== INPUT MATERIAL ==
########################################
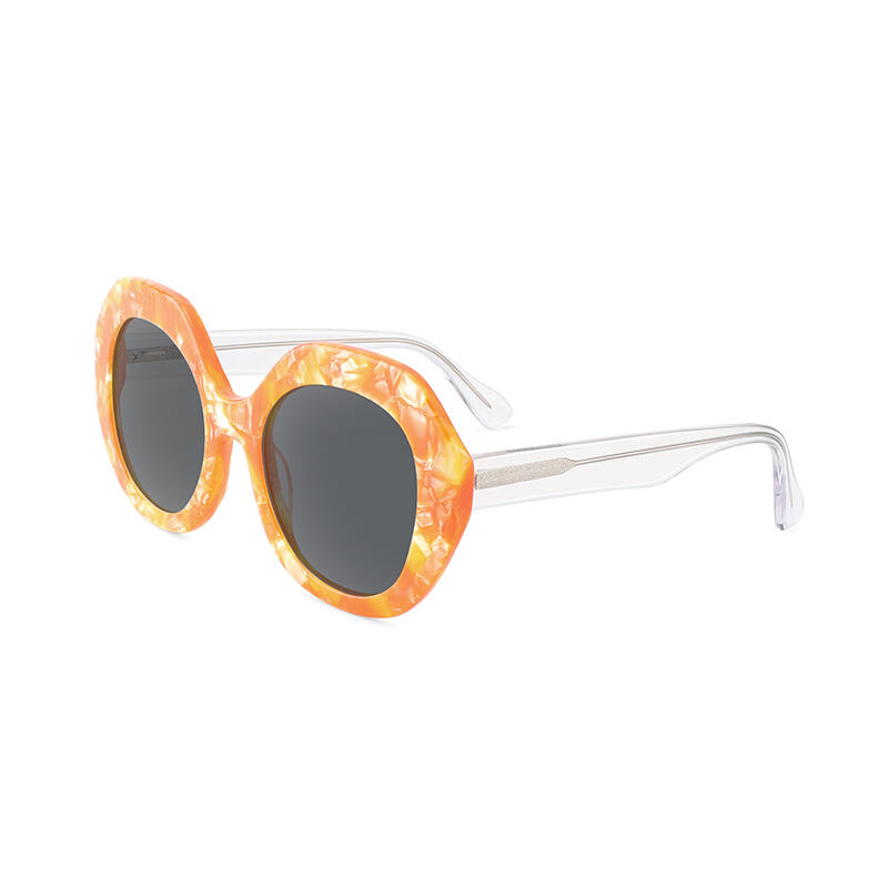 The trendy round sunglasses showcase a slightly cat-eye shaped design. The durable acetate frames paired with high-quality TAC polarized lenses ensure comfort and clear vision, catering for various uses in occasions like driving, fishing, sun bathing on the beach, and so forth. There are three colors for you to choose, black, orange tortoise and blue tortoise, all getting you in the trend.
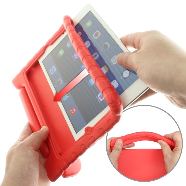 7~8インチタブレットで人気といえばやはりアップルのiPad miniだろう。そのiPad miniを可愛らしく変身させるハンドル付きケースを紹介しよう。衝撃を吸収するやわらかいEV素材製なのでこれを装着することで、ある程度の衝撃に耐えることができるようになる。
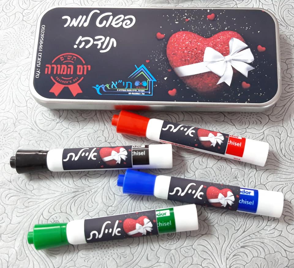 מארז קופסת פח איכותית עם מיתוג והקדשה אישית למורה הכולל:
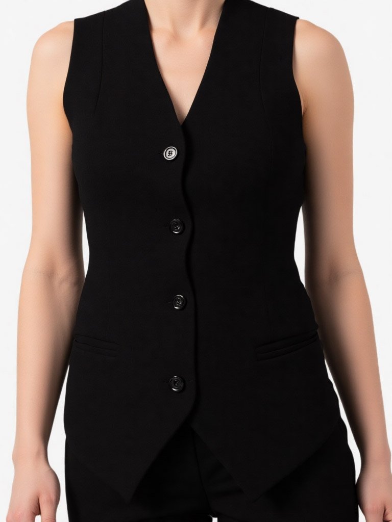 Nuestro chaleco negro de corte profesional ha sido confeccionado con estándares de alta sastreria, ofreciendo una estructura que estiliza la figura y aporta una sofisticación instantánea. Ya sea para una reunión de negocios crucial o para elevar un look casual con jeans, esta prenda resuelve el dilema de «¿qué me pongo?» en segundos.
########################################
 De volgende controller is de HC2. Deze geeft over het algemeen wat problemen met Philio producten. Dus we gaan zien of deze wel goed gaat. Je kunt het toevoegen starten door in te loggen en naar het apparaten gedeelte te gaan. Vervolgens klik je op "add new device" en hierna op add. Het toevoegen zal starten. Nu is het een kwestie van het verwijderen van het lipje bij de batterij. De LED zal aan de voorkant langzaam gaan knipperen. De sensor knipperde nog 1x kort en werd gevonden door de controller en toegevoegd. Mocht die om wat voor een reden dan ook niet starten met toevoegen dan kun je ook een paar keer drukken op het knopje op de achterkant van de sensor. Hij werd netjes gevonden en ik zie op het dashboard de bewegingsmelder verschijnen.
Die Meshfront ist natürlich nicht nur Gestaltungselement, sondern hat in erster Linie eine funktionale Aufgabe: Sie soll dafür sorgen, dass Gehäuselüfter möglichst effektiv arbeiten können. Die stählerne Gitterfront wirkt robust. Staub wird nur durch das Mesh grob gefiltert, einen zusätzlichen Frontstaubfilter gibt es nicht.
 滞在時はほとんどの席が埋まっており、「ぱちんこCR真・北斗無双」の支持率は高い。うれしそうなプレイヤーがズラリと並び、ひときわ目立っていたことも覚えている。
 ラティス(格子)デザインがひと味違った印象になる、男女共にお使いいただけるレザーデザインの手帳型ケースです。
########################################
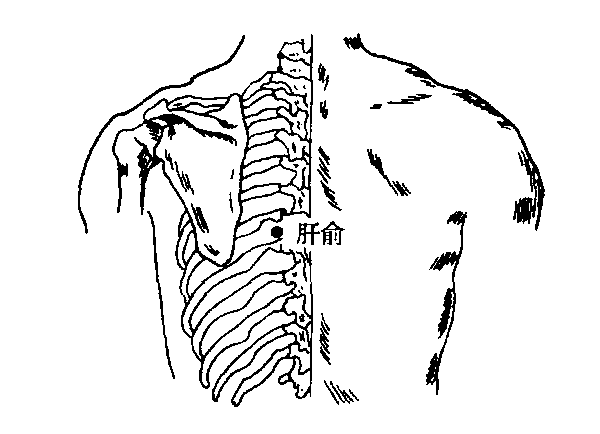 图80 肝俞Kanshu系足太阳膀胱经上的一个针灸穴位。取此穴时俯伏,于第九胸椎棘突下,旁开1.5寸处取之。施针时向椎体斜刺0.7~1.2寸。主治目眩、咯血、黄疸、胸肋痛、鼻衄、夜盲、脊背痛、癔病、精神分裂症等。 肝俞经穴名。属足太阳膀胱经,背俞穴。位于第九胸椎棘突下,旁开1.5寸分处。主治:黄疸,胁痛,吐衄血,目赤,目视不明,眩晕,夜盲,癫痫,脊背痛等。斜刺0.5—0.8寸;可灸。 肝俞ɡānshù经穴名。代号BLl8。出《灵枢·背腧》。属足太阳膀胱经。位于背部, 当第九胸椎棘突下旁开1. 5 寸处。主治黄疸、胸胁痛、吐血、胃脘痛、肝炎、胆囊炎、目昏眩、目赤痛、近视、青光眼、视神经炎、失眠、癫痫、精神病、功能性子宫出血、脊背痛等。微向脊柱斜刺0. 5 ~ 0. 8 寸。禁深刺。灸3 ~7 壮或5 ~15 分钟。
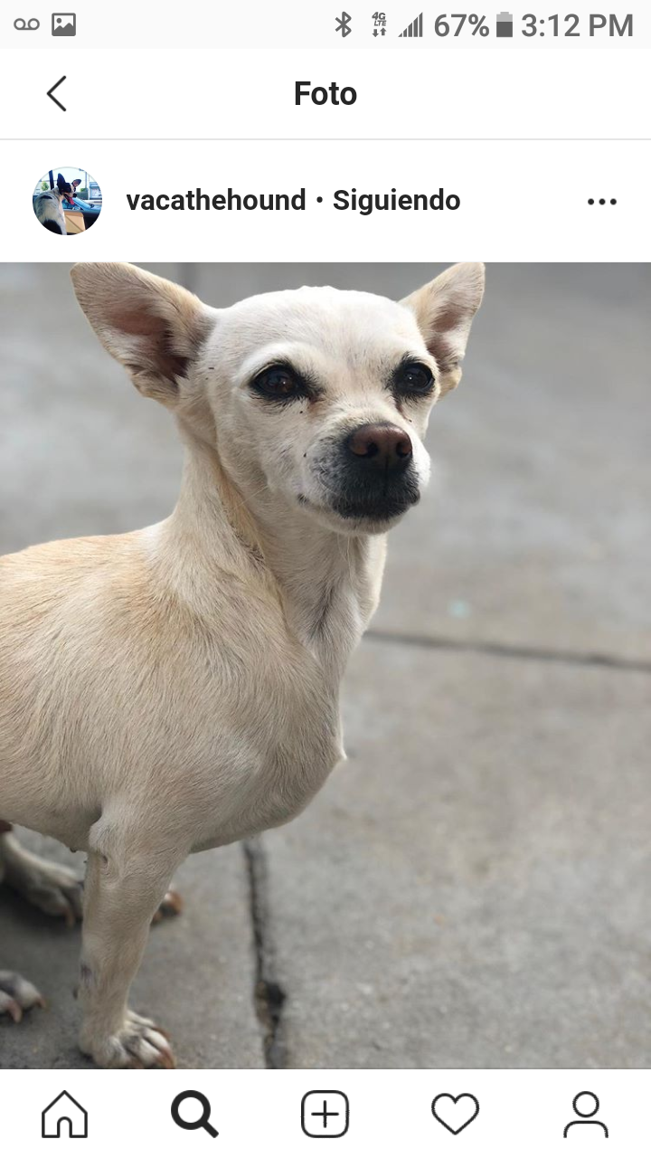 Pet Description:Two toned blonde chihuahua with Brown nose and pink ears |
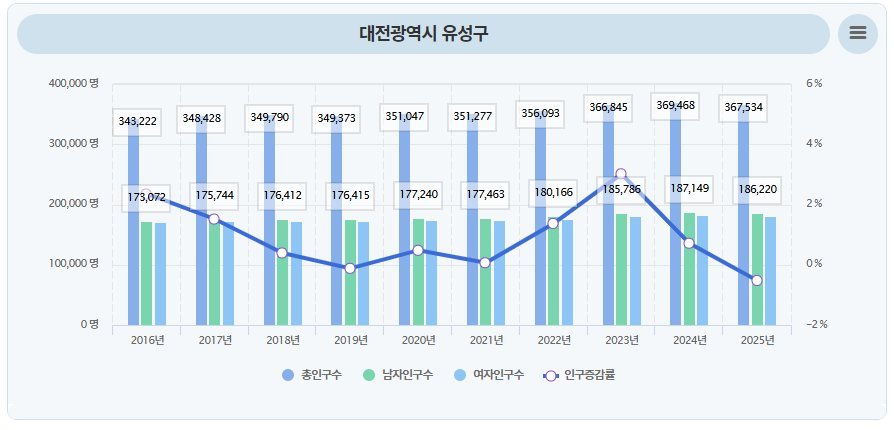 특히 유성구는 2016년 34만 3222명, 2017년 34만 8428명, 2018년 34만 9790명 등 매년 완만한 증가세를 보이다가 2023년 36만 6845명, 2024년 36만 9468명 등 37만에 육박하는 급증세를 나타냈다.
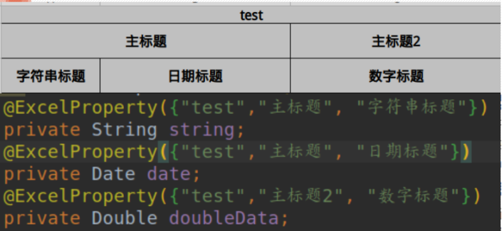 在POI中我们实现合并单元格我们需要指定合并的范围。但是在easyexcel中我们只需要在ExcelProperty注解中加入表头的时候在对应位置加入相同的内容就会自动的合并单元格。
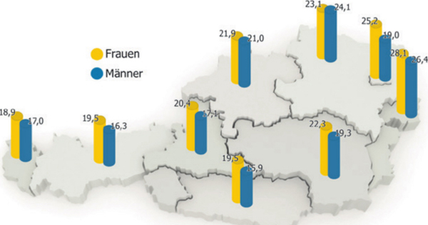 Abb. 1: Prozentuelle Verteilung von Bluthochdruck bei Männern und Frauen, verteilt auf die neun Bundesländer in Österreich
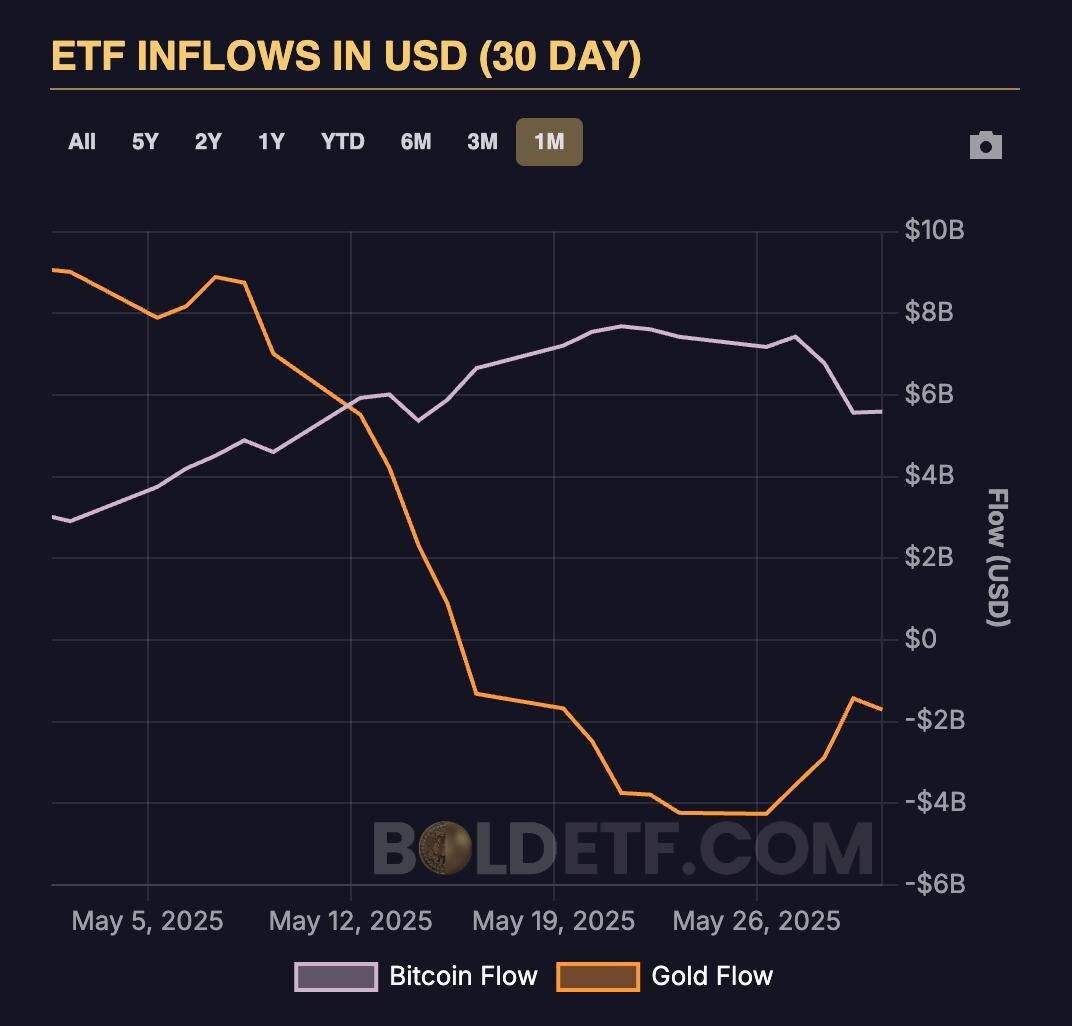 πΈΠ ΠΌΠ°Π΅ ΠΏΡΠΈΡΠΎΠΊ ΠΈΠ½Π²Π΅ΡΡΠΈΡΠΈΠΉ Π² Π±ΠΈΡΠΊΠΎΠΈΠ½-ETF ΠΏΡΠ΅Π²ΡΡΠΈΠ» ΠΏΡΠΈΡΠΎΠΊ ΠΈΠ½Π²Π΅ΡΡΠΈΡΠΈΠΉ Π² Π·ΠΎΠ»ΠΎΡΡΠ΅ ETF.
########################################
== ABOUT THIS TASK ==
Once you reach the line with "滞在時はほとんどの席が埋まっ" in the data above, copy it and every line after it exactly, up to and including the line with "ラティス(格子)デザインがひ".

== RESPONSE BELOW ==
 滞在時はほとんどの席が埋まっており、「ぱちんこCR真・北斗無双」の支持率は高い。うれしそうなプレイヤーがズラリと並び、ひときわ目立っていたことも覚えている。
 ラティス(格子)デザインがひと味違った印象になる、男女共にお使いいただけるレザーデザインの手帳型ケースです。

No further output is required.